Wednesday, September 21, 2011

Happy Birthday, Sergei Yesenin



Happy Birthday, Sergei Yesenin 
(September 21, 1895 - December 27, 1925)

The  yellow-hued rope you hung yourself with
still swings in Moscow, back and forth, back and forth.
When he got the news, Stalin danced in mockery of Isadora.

Five marriages in twelve years can wreck a man:
Anna Izryadbnova was the first song of love,
Zinaida Raikh sprinkled lemon juice on the sheets,
going-fat Isadora gave you a taste of American bourbon,
and you hitched-up with Augusta Miklasheyskaya
before butter could melt on Isadora's rye bread toast.
Before there were movie stars, there were poets.
Perfumed silken girls, girls fresh from ten-chicken villages,
begged you to tease, to suck and love them...
more girls than all the wind-blown fir trees in Russia.
Vodka, vodka, more vodka... and more love:
poet Nadezhda Volpin gave you a poet son.
Near the break-furniture, set-fire-to-hotel-rooms, end,
Sophia --Leo Tolstoy's granddaughter-- dragged you
to a hospital for a no-vodka, screaming month.

Now, on the other side, how do you, and Jim Morrison,
and Georg Trakl, grind-out eternity?  Do you run into Stalin?
Is there a heaven with peace?  Is dinner served promptly at five?
Do the wives, all five, and the girlfriends, hundreds of girlfriends,
offer sunrise kisses as you prepare to sleep all day long?
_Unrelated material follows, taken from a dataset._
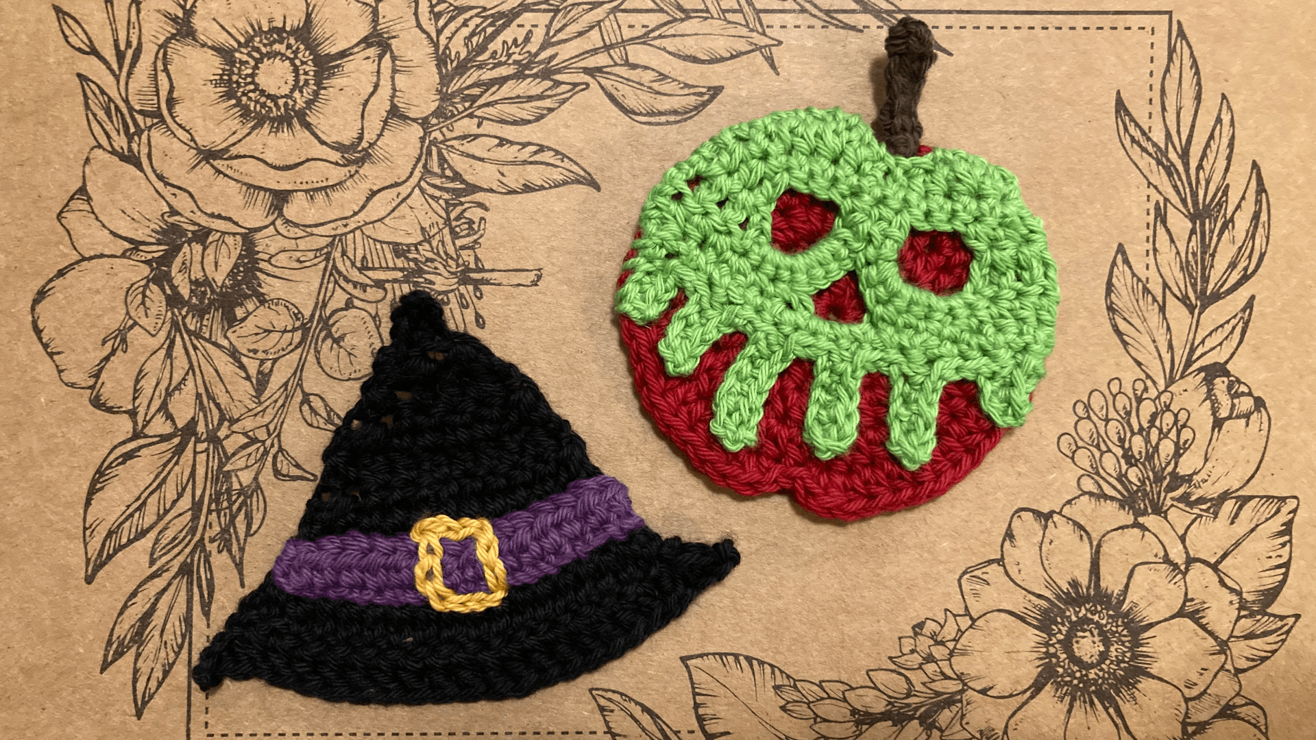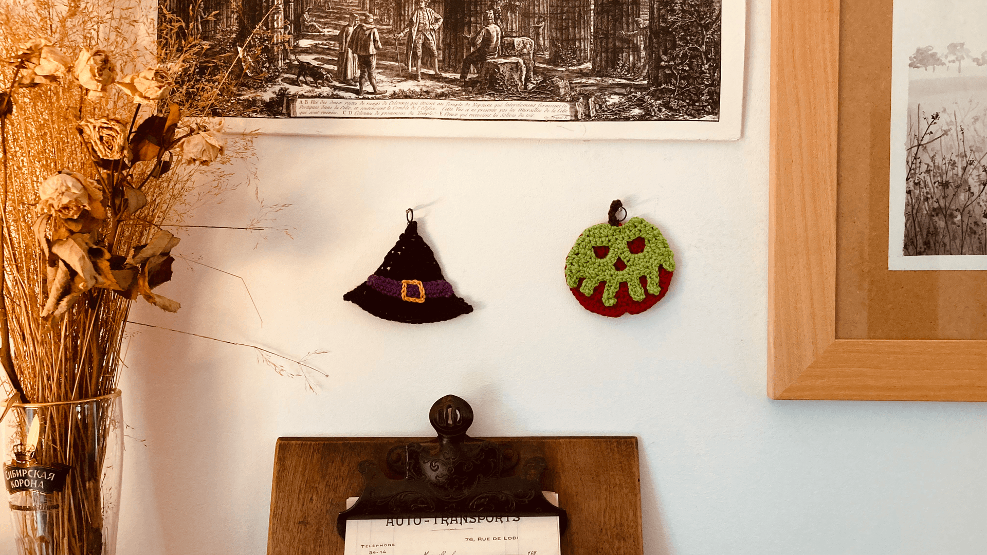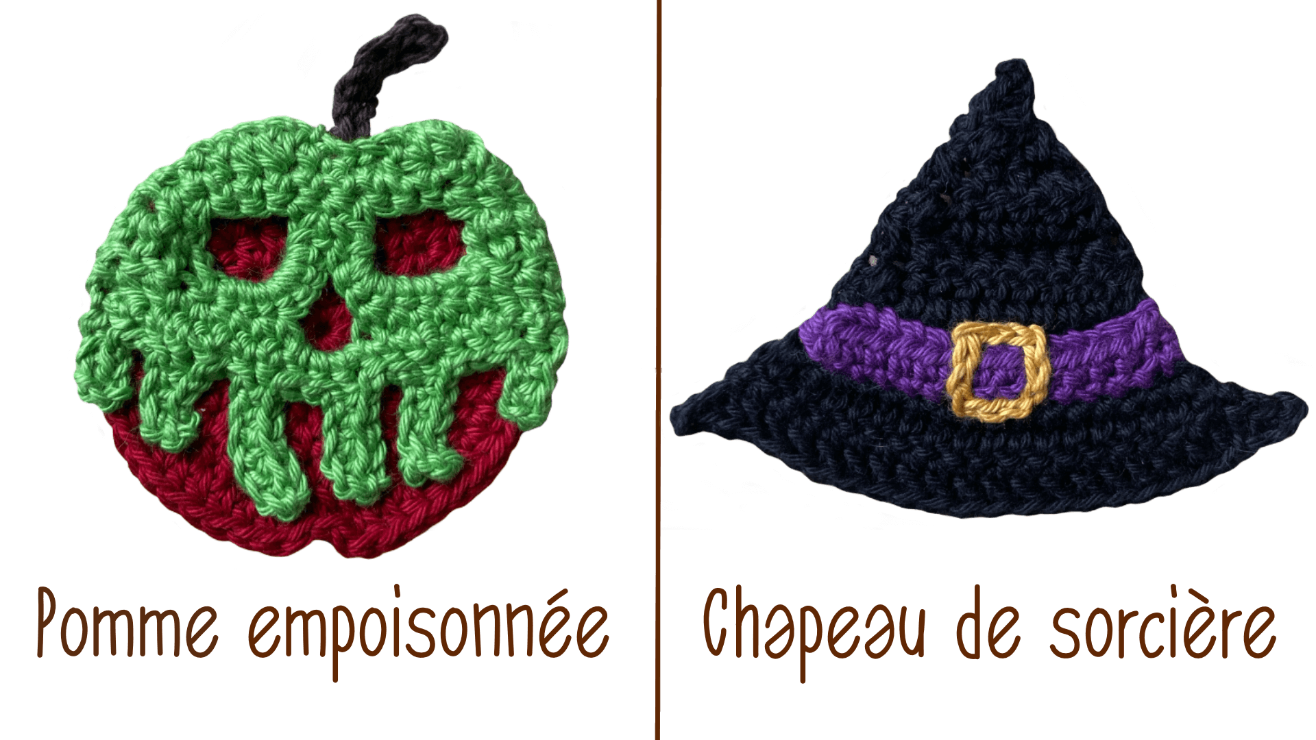 Décorations d'Halloween faites main au crochet. Pour les plus grandes nous vous proposons La Pomme Empoisonnée et Le Chapeau de Sorcière. Elles seront parfaites pour apporter une touche de couleur et un coté "Halloween" à votre intérieur, simplement accrochées au mur ou agencées en guirlande, ou encore cousues en décoration sur votre sac/veste ... ou votre costume !

You might like it here, Sergei.  Toaster waffles for breakfast.
Dark tea.  No smashed-head cadavers... like the ones
Stalin's thugs dragged you past to change your poetry.
Here it's as quiet as the skittering of brittle autumn leaves. 









Friday, September 9, 2011

A Dirge for Paul Funge

 Paul Funge
1944 - 2011


A Dirge for Paul Funge

It was an exaltation of pure joy... the painting,
the friendships near and windblown.
Now it's better to laugh, stifle a growl...
better to remember us drunk in San Francisco,
a short walk to the surf, snug and well fed
in a surviving '06 quake Victorian,
bombastic for art and poetry...
four decades ago... how you passed out
on a wide couch in a bottle-clogged
front room, my Irish Wolfhound, Bran,
curled at your feet, proprietary guard
of your sleep, your dreaming of new paintings.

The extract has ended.